#### Task directions:
Starting at the line with "Сонцезахисна шторка Vitol" and going on through the line with "이날 강정호는 팀이 2-4로", reproduce each line in the records below exactly and nothing more.

═════ Given information

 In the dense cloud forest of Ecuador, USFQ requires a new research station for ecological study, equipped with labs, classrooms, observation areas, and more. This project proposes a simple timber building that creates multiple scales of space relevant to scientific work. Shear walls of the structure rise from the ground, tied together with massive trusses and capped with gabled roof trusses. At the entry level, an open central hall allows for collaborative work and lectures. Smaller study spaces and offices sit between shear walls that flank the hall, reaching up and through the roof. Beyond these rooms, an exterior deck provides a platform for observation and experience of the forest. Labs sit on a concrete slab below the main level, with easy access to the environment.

══════════
═════ Given information

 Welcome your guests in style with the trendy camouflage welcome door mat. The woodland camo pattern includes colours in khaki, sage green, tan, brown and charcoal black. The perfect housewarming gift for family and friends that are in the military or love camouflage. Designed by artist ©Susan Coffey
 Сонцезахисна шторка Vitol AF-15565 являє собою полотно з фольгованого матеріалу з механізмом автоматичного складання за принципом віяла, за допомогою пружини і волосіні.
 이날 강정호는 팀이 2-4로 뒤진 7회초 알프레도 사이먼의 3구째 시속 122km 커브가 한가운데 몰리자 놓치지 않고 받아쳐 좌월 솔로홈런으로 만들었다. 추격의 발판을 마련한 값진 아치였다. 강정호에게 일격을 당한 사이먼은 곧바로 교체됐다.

══════════

#### Expected answer:
 Сонцезахисна шторка Vitol AF-15565 являє собою полотно з фольгованого матеріалу з механізмом автоматичного складання за принципом віяла, за допомогою пружини і волосіні.
 이날 강정호는 팀이 2-4로 뒤진 7회초 알프레도 사이먼의 3구째 시속 122km 커브가 한가운데 몰리자 놓치지 않고 받아쳐 좌월 솔로홈런으로 만들었다. 추격의 발판을 마련한 값진 아치였다. 강정호에게 일격을 당한 사이먼은 곧바로 교체됐다.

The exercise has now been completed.